» **Exercise**:
Starting with the line that has "El cantautor español" and finishing with the line that has "周一(3月27日)英镑上涨0", set down each line below exactly. Pictures are not copied.

» **Records provided**:
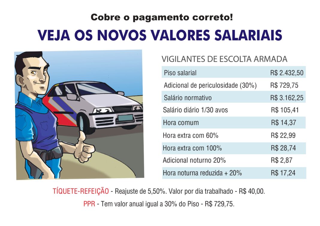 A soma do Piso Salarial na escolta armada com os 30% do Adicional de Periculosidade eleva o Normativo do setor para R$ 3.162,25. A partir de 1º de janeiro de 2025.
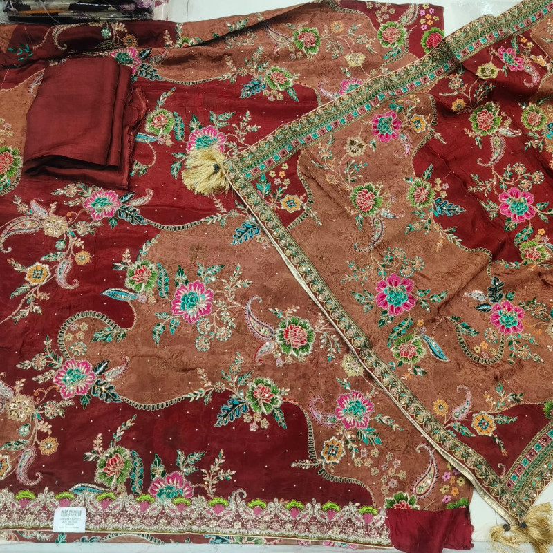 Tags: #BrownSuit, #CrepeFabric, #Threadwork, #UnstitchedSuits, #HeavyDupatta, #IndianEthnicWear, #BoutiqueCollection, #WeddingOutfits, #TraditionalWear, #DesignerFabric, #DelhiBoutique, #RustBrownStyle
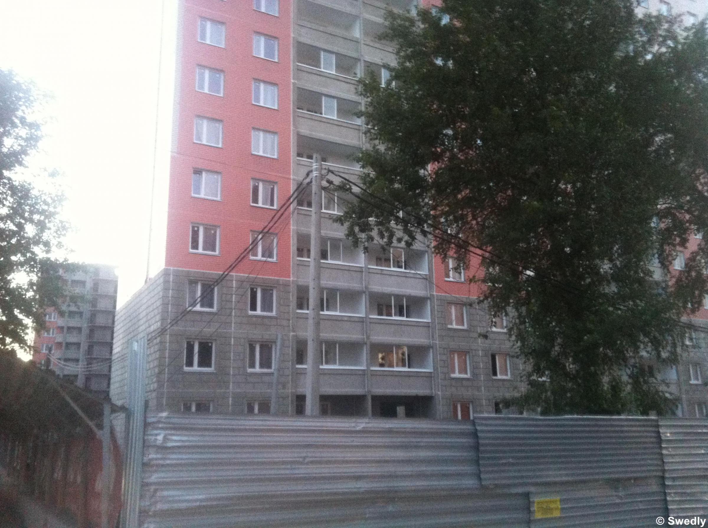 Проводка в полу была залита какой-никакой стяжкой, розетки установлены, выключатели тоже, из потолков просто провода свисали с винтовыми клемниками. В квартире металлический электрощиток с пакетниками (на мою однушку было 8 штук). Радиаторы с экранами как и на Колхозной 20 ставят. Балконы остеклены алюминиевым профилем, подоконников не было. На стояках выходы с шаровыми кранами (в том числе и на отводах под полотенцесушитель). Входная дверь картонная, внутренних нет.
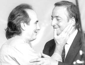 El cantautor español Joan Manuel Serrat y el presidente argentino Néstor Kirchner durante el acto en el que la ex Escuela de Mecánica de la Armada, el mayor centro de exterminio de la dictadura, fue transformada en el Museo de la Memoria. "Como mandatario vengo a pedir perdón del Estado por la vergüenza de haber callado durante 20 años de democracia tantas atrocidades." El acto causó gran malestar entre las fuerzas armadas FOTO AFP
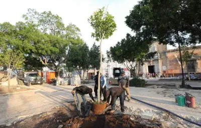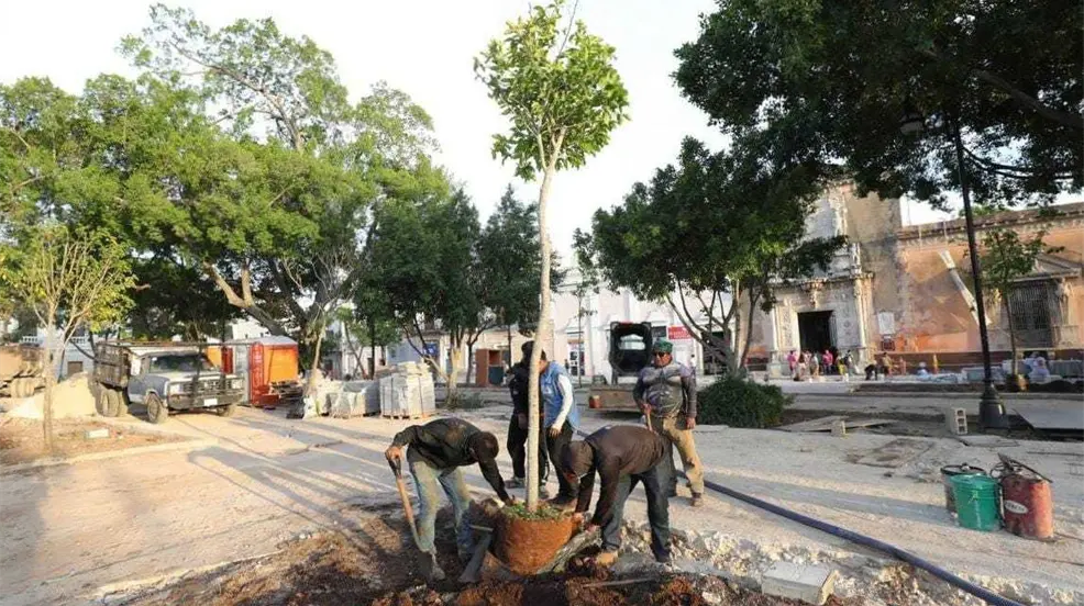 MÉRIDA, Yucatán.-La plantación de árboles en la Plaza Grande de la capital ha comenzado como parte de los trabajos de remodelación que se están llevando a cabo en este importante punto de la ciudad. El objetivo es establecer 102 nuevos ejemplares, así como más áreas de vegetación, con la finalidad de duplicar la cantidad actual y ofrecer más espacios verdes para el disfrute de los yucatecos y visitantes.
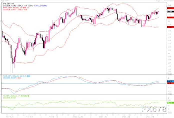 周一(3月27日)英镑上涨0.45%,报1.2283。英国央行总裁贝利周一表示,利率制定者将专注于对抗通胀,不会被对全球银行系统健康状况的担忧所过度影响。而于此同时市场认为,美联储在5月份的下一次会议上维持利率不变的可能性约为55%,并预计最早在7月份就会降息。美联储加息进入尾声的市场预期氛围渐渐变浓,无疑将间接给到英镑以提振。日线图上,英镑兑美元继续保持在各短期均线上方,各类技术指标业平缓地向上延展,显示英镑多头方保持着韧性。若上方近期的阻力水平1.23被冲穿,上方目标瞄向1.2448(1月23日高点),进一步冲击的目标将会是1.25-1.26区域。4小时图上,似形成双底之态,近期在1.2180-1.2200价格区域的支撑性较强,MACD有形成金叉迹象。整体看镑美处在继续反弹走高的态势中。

...

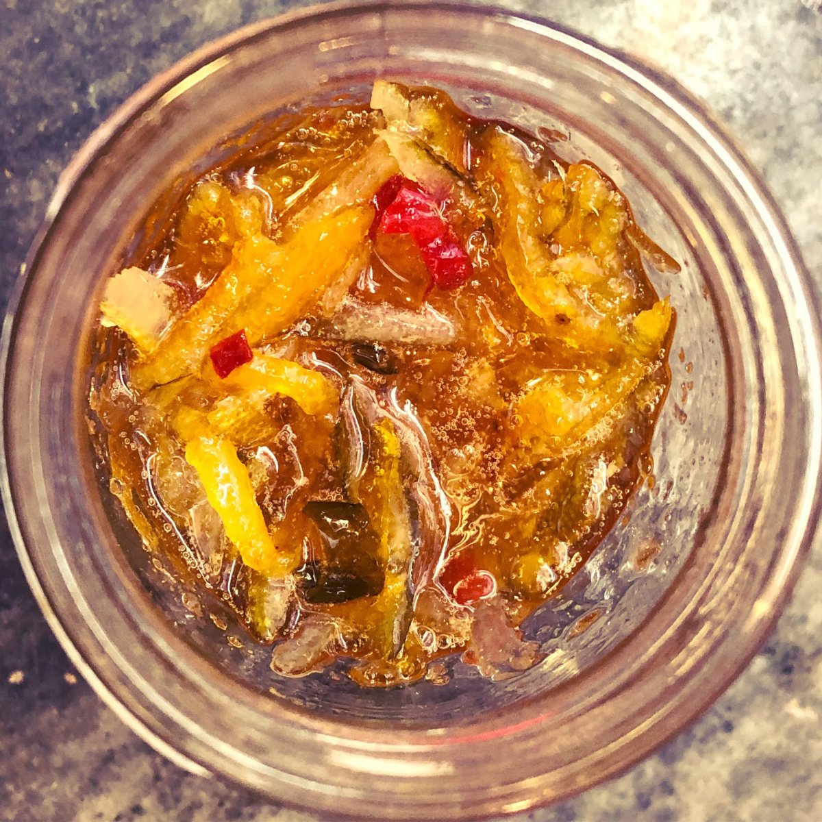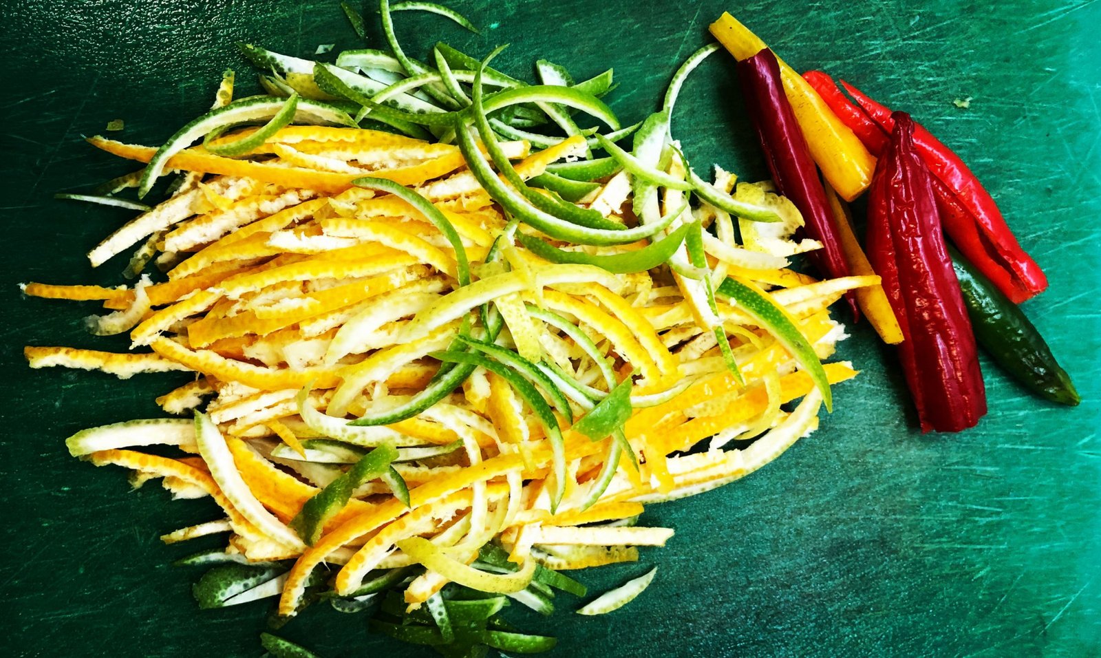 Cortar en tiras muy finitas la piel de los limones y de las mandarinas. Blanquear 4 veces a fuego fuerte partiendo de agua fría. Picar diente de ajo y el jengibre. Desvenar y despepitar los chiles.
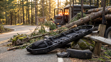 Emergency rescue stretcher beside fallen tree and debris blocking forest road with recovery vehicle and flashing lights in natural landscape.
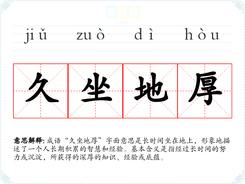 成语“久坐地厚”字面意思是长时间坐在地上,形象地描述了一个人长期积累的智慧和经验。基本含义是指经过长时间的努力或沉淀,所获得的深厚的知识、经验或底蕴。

--

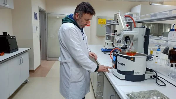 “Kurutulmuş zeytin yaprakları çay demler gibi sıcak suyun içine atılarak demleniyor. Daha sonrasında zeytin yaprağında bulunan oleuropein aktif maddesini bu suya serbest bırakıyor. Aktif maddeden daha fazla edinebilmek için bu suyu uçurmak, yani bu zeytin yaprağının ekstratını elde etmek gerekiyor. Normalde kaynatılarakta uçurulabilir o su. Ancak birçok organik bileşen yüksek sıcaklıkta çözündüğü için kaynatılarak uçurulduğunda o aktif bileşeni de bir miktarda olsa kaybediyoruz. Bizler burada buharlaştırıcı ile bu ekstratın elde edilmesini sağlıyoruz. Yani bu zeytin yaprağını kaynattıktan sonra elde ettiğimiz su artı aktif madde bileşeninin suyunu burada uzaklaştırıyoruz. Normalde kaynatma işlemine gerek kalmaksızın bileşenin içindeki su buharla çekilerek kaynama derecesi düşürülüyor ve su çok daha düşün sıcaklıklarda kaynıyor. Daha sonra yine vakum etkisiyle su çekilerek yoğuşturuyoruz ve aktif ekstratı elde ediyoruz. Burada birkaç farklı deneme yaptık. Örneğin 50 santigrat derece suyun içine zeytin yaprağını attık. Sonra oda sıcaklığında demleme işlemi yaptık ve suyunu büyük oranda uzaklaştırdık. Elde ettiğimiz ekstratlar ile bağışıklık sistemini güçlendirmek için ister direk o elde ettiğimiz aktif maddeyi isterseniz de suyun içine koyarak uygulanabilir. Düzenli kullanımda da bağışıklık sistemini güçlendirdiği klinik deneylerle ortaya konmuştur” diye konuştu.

» **Exercise output**:
 El cantautor español Joan Manuel Serrat y el presidente argentino Néstor Kirchner durante el acto en el que la ex Escuela de Mecánica de la Armada, el mayor centro de exterminio de la dictadura, fue transformada en el Museo de la Memoria. "Como mandatario vengo a pedir perdón del Estado por la vergüenza de haber callado durante 20 años de democracia tantas atrocidades." El acto causó gran malestar entre las fuerzas armadas FOTO AFP
 MÉRIDA, Yucatán.-La plantación de árboles en la Plaza Grande de la capital ha comenzado como parte de los trabajos de remodelación que se están llevando a cabo en este importante punto de la ciudad. El objetivo es establecer 102 nuevos ejemplares, así como más áreas de vegetación, con la finalidad de duplicar la cantidad actual y ofrecer más espacios verdes para el disfrute de los yucatecos y visitantes.
 周一(3月27日)英镑上涨0.45%,报1.2283。英国央行总裁贝利周一表示,利率制定者将专注于对抗通胀,不会被对全球银行系统健康状况的担忧所过度影响。而于此同时市场认为,美联储在5月份的下一次会议上维持利率不变的可能性约为55%,并预计最早在7月份就会降息。美联储加息进入尾声的市场预期氛围渐渐变浓,无疑将间接给到英镑以提振。日线图上,英镑兑美元继续保持在各短期均线上方,各类技术指标业平缓地向上延展,显示英镑多头方保持着韧性。若上方近期的阻力水平1.23被冲穿,上方目标瞄向1.2448(1月23日高点),进一步冲击的目标将会是1.25-1.26区域。4小时图上,似形成双底之态,近期在1.2180-1.2200价格区域的支撑性较强,MACD有形成金叉迹象。整体看镑美处在继续反弹走高的态势中。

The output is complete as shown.